SNCU ↔ SNC Uitzendbureau B.V.
RECHTBANK DEN HAAG
Team kanton Den Haag
smk
Zaaknummer: 3006948/14-12613
Vonnis in de zaak van:
Stichting Naleving CAO voor Uitzendkrachten
eisende partij
tegen
1. SNC Uitzendbureau B.V.
2. XXX
gedaagde partij
Verloop van de procedure
Eisende partij heeft gevorderd zoals beschreven in de dagvaarding, waarvan een gewaarmerkt afschrift aan dit vonnis is gehecht en waarnaar wordt verwezen voor wat betreft de namen en woonplaatsen van partijen en de namen van gemachtigde(n). Gedaagde partij is daarop niet verschenen en heeft ook anderszins niet gereageerd. De voorgeschreven termijnen en formaliteiten zijn in acht genomen. Tegen gedaagde partij is daarom verstek verleend.

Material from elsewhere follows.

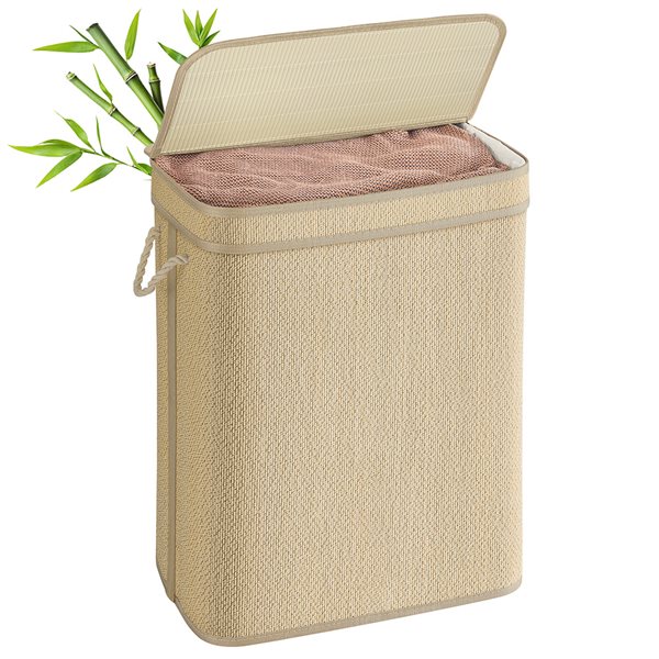 Songmics Tvättkorg i Bambu med Handtag, 150l, Naturbeige

Beoordeling van het geschil
De vordering komt de kantonrechter niet onrechtmatig of ongegrond voor, zodat deze bij verstek wordt toegewezen als hierna te vermelden, met dien verstande dat de dwangsom zal worden gematigd als hierna vermeld.
Beslissing
De kantonrechter,
1. veroordeelt gedaagde sub 1 tot naleving van de CAO voor de Uitzendkrachten en de CAO Sociaal Fonds voor de Uitzendbranche indien en voor zover deze algemeen verbindend zijn verklaard, op straffe van een dwangsom van € 1.000,00, met een maximum van € 30.000,00, voor iedere dag dat zij daarmee vanaf twee weken na betekening van dit vonnis in gebreke is;
2. veroordeelt gedaagde sub 1 tot het verlenen van medewerking aan het CAO-onderzoek, door telefonisch contact op te nemen met VRO teneinde een controle ter plaatse in te plannen, op straffe van een dwangsom van € 1.000,00, met een maximum van € 30.000,00, voor iedere dag dat zij daarmee vanaf twee weken na betekening van dit vonnis in gebreke is;
3. veroordeelt gedaagde partij hoofdelijk, des dat de een betalende de ander zal zijn bevrijd, om tegen bewijs van kwijting aan de eisende partij te betalen de som van € 102.147,75 als schadevergoeding vermeerderd met de wettelijke rente over € 102.147,75 vanaf de dag der dagvaarding tot de dag der voldoening;
4. veroordeelt gedaagde partij hoofdelijk in de kosten van het geding, tot hiertoe aan de zijde van de eisende partij vastgesteld op € 1.727,80, waaronder € 700,00 als vergoeding voor de gemachtigde van de eisende partij, te vermeerderen met de door eisende partij gemaakte advertentiekosten;
5. verklaart dit vonnis uitvoerbaar bij voorraad;
6. wijst af het meer of anders gevorderde.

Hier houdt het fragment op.